100 Books in a Year: Dexter in the Dark by Jeff Lindsey
(Note, this review will contain spoilers for the three Dexter BOOKS. The books and television series had divergent plots from the first season on, so it's unlikely that these would be spoilers for the TV series.)
Dexter in the Dark is the third installment in Jeff Lindsey's Dexter series. It strays from the previous Dexter books by introducing a new narrative voice unrelated to Dexter, which I thought broke up the narrative and not always in a good way. I also found it significantly darker than the previous books due to the increased attention paid to Astor and Cody as characters and their involvement in the case that Dexter is working on in the book. (Last warning; if you really don't want spoilers for either of the Dexter novels, you really want to stop reading now.)

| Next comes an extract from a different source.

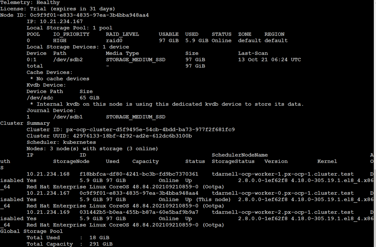 We can also verify our Portworx cluster health by running pxctl status from within one of the OpenShift worker nodes where Portworx is installed:

The book starts off with a nameless formless narrator who refers to itself as IT observing the process of evolution. IT retraces it's own history as the hub of all sociopathic tendencies which the book draws as existing separate from their hosts. In fact, in this book, Dexter actually loses his "Dark Passenger" for a significant portion of the story. This was my least favorite part of the book; I hate the need in current literature to explain away monsters or rationalize evil. Dexter in the books has always struck me with a cold detachment that was more sinister and frightening that anything he did to his victims. By presenting his sociopathic tendencies as an outside force rather than something that is genuinely a part of him, the character is neutered in a way. I know that not everyone feels the same way as me, but I prefer my monsters without sense, without reason, without redeeming qualities. It's why I never watched or read Hannibal Rising and was disappointed enough that I'd read Hannibal.
Anyway, the rest of the story is concerned with Dexter and Deborah investigating ritualized cult related killings that begin on the University of Miami campus (The U! Represent!). It also traces Dexter's impending marriage to Rita and his efforts to start Astor and Cody, who revealed their own sociopathic tendencies at the end of the last book, on Harry's Code. His training of the children is probably the most disturbing part of the book and the most promising ongoing plot for any future books. It does make my skin crawl to think about a 10 year old and 7 year old who want to kill people, but it's the closest Dexter is ever going to come to a real human connection and it's interesting to see him try and replicate the lessons he learned from someone who DID have an emotional connection to him. Of course, given Astor and Cody's increased involvement in the story, they inevitably become entangled in the case Dexter is working and are placed in harm's way. Neither of them are hurt, though.
Dexter in the Dark is a mostly quick read and solid installment in the Dexter series. I got bogged down in the history of IT, but otherwise I enjoyed the story line and the way Lindsey brought in an ancient religion as the basis for the murderous cult rather than making one up.